# The NEC classic motor show...



## Ingo (Oct 13, 2010)

Hi guys. 

I might be coming to the uk for the first time in november for the NEC classic motor show. I'm just wandering. 

Is it worth the trip ?

I'm flying to Manchester then taking the train over to Birmingham but I don't want to book the hotel and flight until I hear from someone that has been and confirms its worth a trip over the pond 

Hopefully this is in the right place 

Thanks in advance.

Ingo


----------



## Natalie (Jan 19, 2011)

I went for the first time last year and really enjoyed it, wish I'd gone for 2 days as I'm sure we didn't see everything.


----------



## MARKETMAN (Aug 22, 2006)

Great Show gets Bigger and Better Each Year


----------



## Bartl (Apr 3, 2013)

It's well worth the trip.
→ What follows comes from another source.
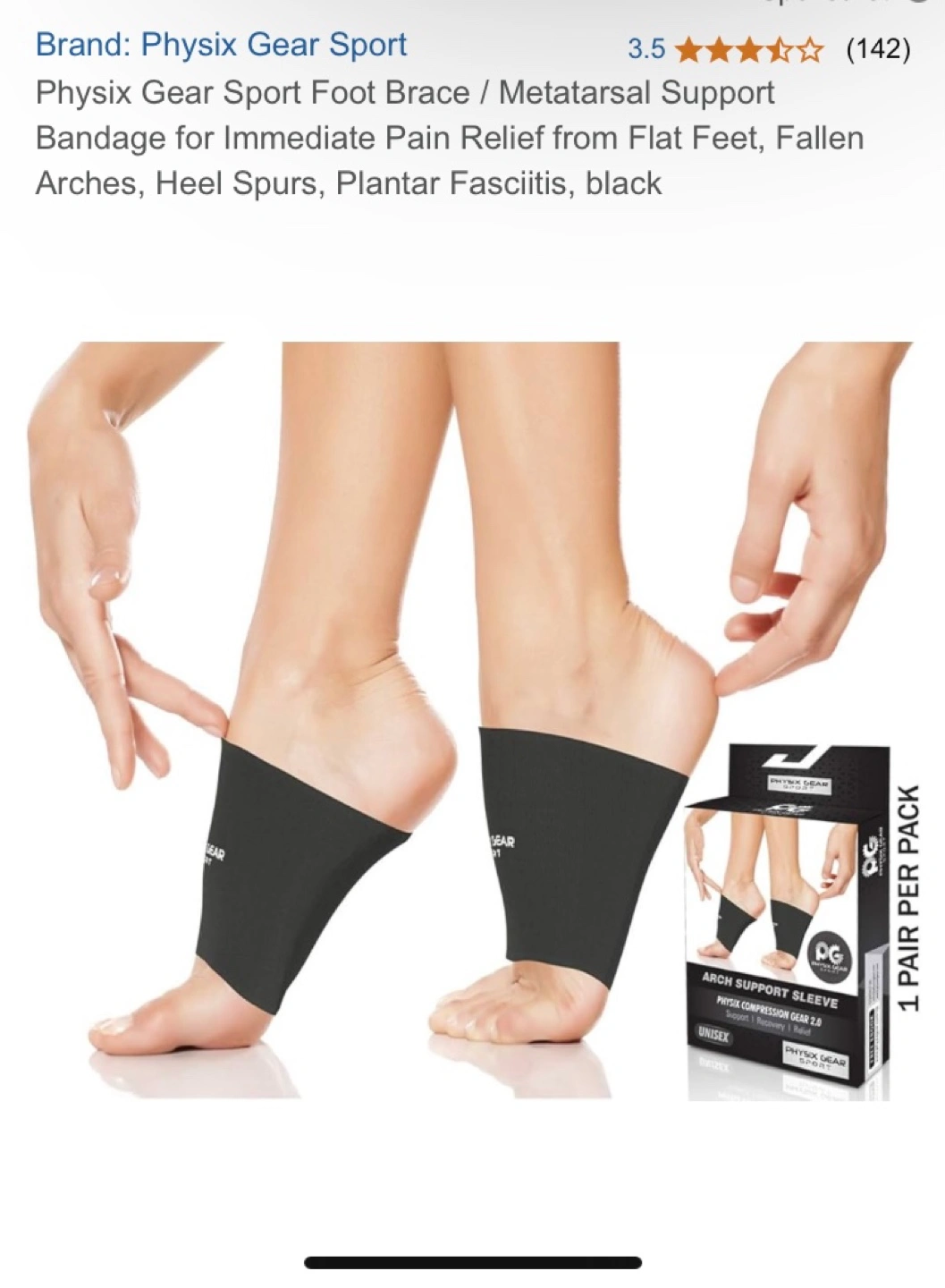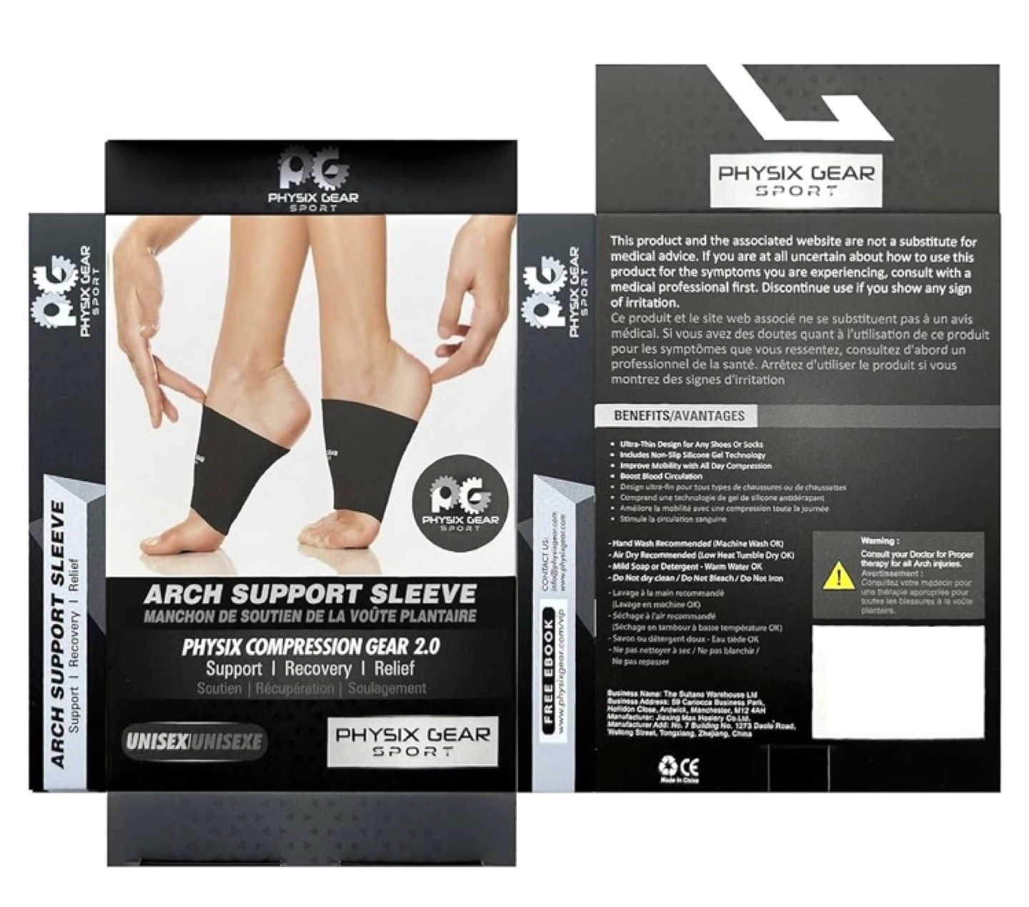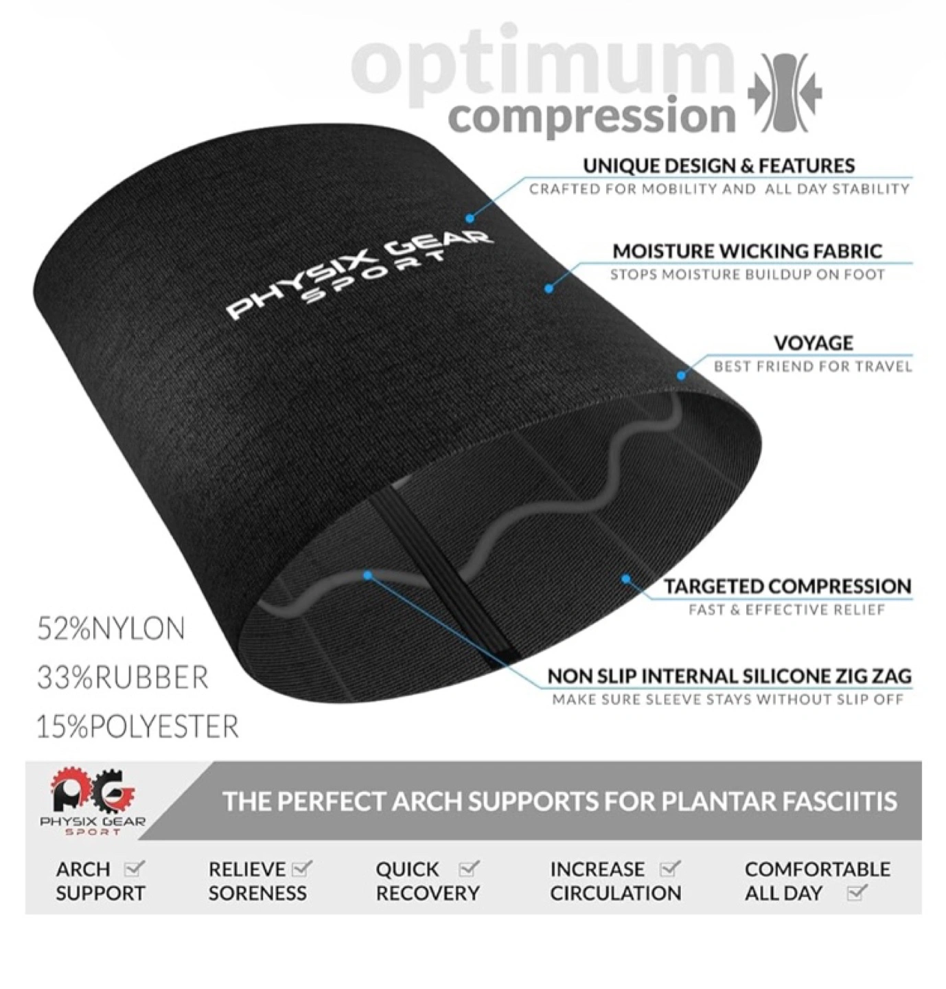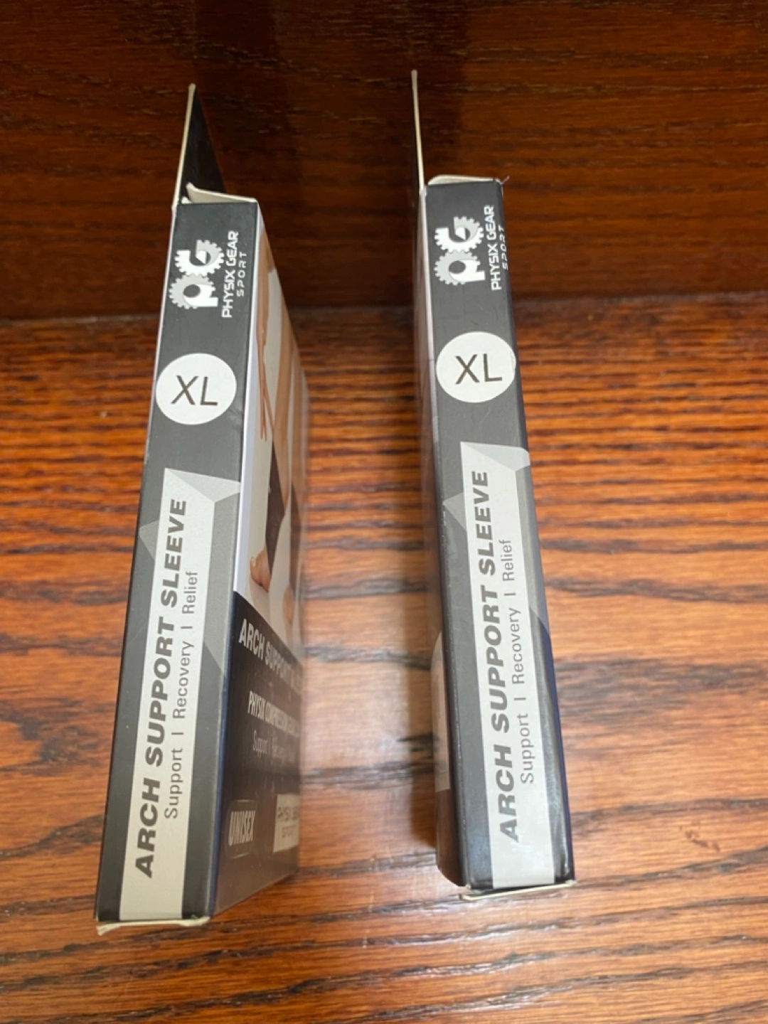 Two pairs of unisex Physix Gear Sport arch support sleeves. Size XL. Provides support, recovery, and relief. Compression 20-30 mmHg. 15% Polyester/52% Nylon/33% Rubber. Machine washable. Unisex Cash only

It's worth every penny.


----------



## Ingo (Oct 13, 2010)

Alright booked the flight yesterday and buying the ticket for the show on the 1st of July. 

But how is Birmingham in regard to meets in parking lots on weekends ? would love to have something to do during the nights other than processing the photos I'll be taking on the show. 

Not really familiar with British weekend cruising so I'd love to know 

Thanks everyone for your input


----------